Zurich's flagship digital heritage initiative hit a significant milestone this week when Stadt Zürich's Department of Urban Development confirmed that a structured duplicate-image replacement programme, running across several municipal archives and libraries, had identified more than 340,000 redundant digital files in its first full audit cycle. The announcement, made Tuesday at the Stadtarchiv Zürich on Alfred-Escher-Strasse, marks the first time the city has put a concrete number on a problem archivists have been quietly managing for years.

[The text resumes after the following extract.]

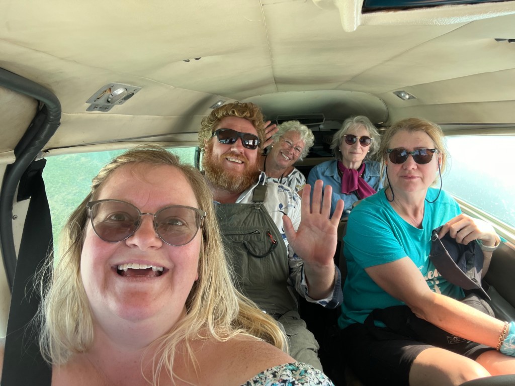 An early start, we need to be at the airport at 6am and return our car rental. We get to the airport with plenty of time spare. Rowan and I leave Joanne with the bags and go to drop the car off then walk back. I have never been on a plane this small. We have 3 to a plane but the planes can take 6 passengers. We are taking two because two groups need to be picked up. Joanne, Rowan and Sue go in one plane. Joel (guide), Jan and I are in another plane.

The timing matters. Across Switzerland, public bodies are under pressure to reduce data-infrastructure costs after the federal government's renewed push for administrative efficiency ahead of next year's budget cycle. Zurich's archives are not alone: the Swiss Federal Archives in Bern flagged similar duplication issues in its 2025 annual report. But the city's scale — and the volume of material digitised during the Covid-era rush to bring collections online — makes the Zurich case particularly instructive.
How the Duplication Problem Grew
The root cause is straightforward. Between 2019 and 2023, at least four separate institutions — the Stadtarchiv, the Zentralbibliothek Zürich on Zähringerplatz, the Museum für Gestaltung in Aussersihl, and the Baugeschichtliches Archiv — ran independent digitisation drives, often scanning the same periodicals, maps and photograph collections without cross-checking against each other's holdings. Each institution stored files under different naming conventions, making automated deduplication difficult until now.
The new programme uses perceptual-hash matching software to compare image files across institutional databases, flagging near-identical copies regardless of filename or metadata. Files confirmed as exact or near-exact duplicates are not immediately deleted; they are tagged, logged, and a single canonical version is designated before the redundant copies are archived offline. The process is designed to protect against accidental loss — a concern raised repeatedly by historians who use the Zentralbibliothek's reading rooms on Zähringerplatz for newspaper research.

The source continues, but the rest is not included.